• [WHAT YOU HAVE TO DO] Could you transcribe exactly the lines below, from the line with "Элегантное сочетание белых" through the line with "Modell av skeppet", and nothing else, leaving out the pictures?

• [EXTRACTED ENTRIES]
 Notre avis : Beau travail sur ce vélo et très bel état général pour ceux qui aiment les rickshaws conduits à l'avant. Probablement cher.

---

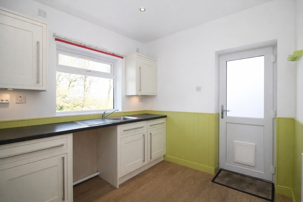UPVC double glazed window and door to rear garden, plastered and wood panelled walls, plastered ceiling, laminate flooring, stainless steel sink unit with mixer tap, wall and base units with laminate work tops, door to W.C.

--

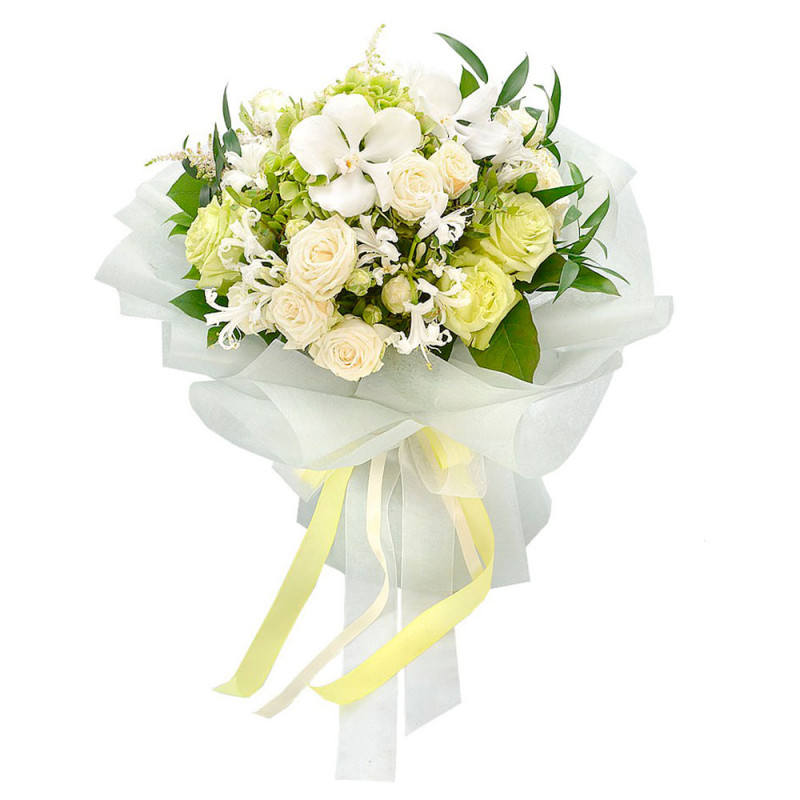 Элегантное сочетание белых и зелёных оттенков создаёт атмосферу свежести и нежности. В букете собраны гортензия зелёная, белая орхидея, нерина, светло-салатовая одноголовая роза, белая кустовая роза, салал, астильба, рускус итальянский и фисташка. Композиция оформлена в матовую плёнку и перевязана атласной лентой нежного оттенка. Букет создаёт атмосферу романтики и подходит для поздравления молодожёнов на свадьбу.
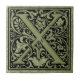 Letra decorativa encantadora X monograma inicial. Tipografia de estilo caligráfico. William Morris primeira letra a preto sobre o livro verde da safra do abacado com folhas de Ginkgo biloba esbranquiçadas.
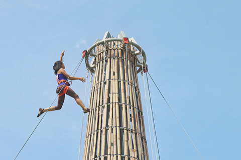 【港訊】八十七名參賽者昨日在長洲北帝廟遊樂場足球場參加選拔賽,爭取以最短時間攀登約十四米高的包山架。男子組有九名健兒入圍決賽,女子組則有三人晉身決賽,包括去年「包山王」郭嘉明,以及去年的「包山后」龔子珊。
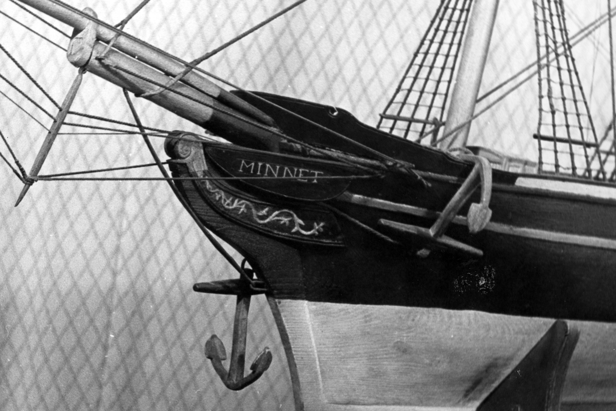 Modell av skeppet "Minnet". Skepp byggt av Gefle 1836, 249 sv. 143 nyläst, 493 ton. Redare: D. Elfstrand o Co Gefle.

• [OUTPUT OF THE TASK]
 Элегантное сочетание белых и зелёных оттенков создаёт атмосферу свежести и нежности. В букете собраны гортензия зелёная, белая орхидея, нерина, светло-салатовая одноголовая роза, белая кустовая роза, салал, астильба, рускус итальянский и фисташка. Композиция оформлена в матовую плёнку и перевязана атласной лентой нежного оттенка. Букет создаёт атмосферу романтики и подходит для поздравления молодожёнов на свадьбу.
 Letra decorativa encantadora X monograma inicial. Tipografia de estilo caligráfico. William Morris primeira letra a preto sobre o livro verde da safra do abacado com folhas de Ginkgo biloba esbranquiçadas.
 【港訊】八十七名參賽者昨日在長洲北帝廟遊樂場足球場參加選拔賽,爭取以最短時間攀登約十四米高的包山架。男子組有九名健兒入圍決賽,女子組則有三人晉身決賽,包括去年「包山王」郭嘉明,以及去年的「包山后」龔子珊。
 Modell av skeppet "Minnet". Skepp byggt av Gefle 1836, 249 sv. 143 nyläst, 493 ton. Redare: D. Elfstrand o Co Gefle.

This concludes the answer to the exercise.